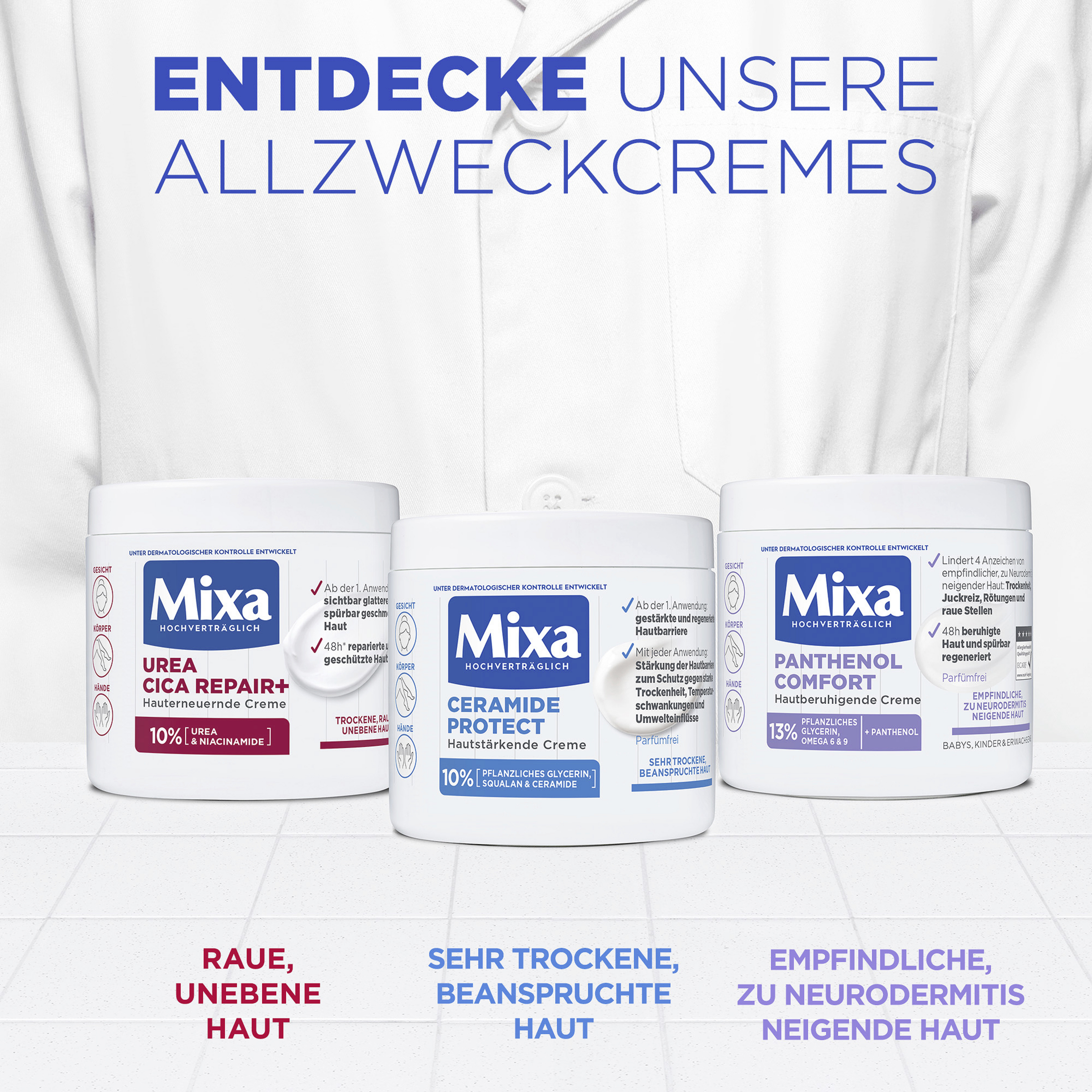 - mildert Unebenheiten von zu Neurodermitis neigender Haut und unterstützt dabei die natürliche Hautbarriere
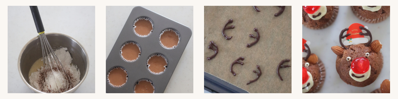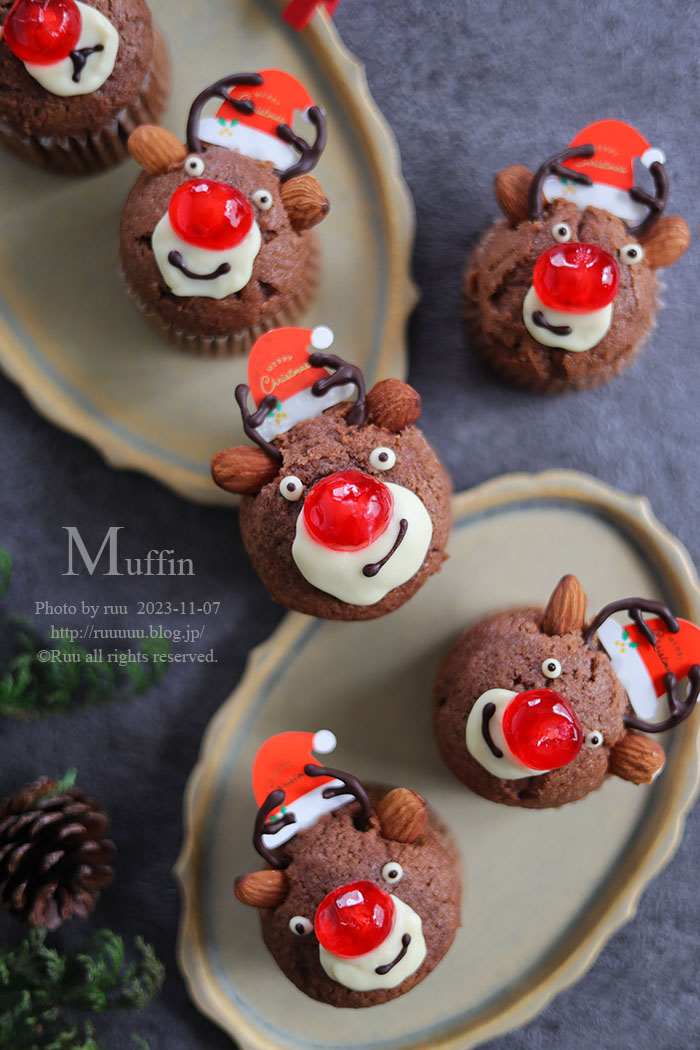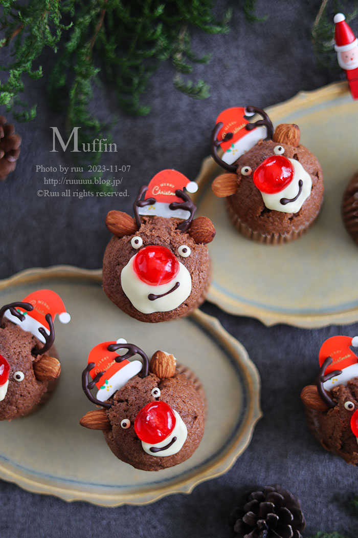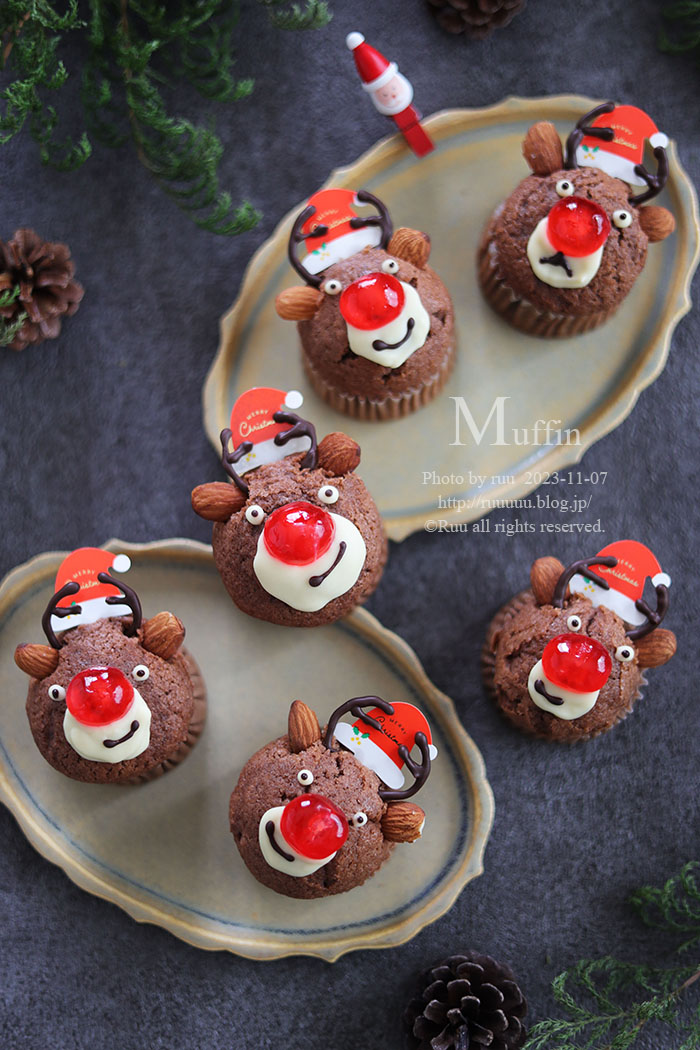 クリスマスのトナカイマフィン、レシピはこちらからご覧いただけます↓
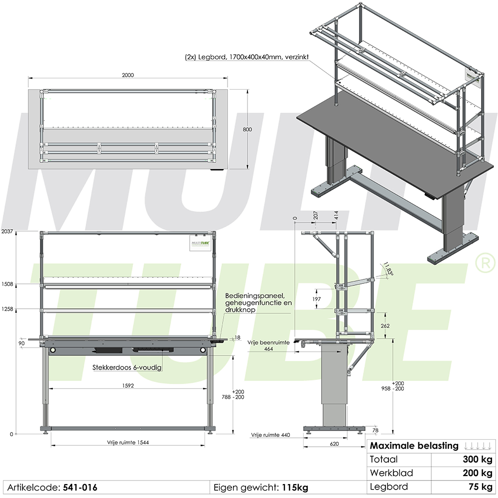 Dankzij de robuuste industriële hefkolommen beschikt de tafel over een indrukwekkend draagvermogen van 300 kg, inclusief legborden. Voor nog meer gebruiksgemak is het werkstation uitgerust met twee legborden (elk belastbaar tot 75 kg) en een geïntegreerde 6-voudige stekkerdoos.

++++++++++

(What the exercise asks): Word for word, return the material above, but drop the pictures.

(Exercise answer):
 - mildert Unebenheiten von zu Neurodermitis neigender Haut und unterstützt dabei die natürliche Hautbarriere
 クリスマスのトナカイマフィン、レシピはこちらからご覧いただけます↓
 Dankzij de robuuste industriële hefkolommen beschikt de tafel over een indrukwekkend draagvermogen van 300 kg, inclusief legborden. Voor nog meer gebruiksgemak is het werkstation uitgerust met twee legborden (elk belastbaar tot 75 kg) en een geïntegreerde 6-voudige stekkerdoos.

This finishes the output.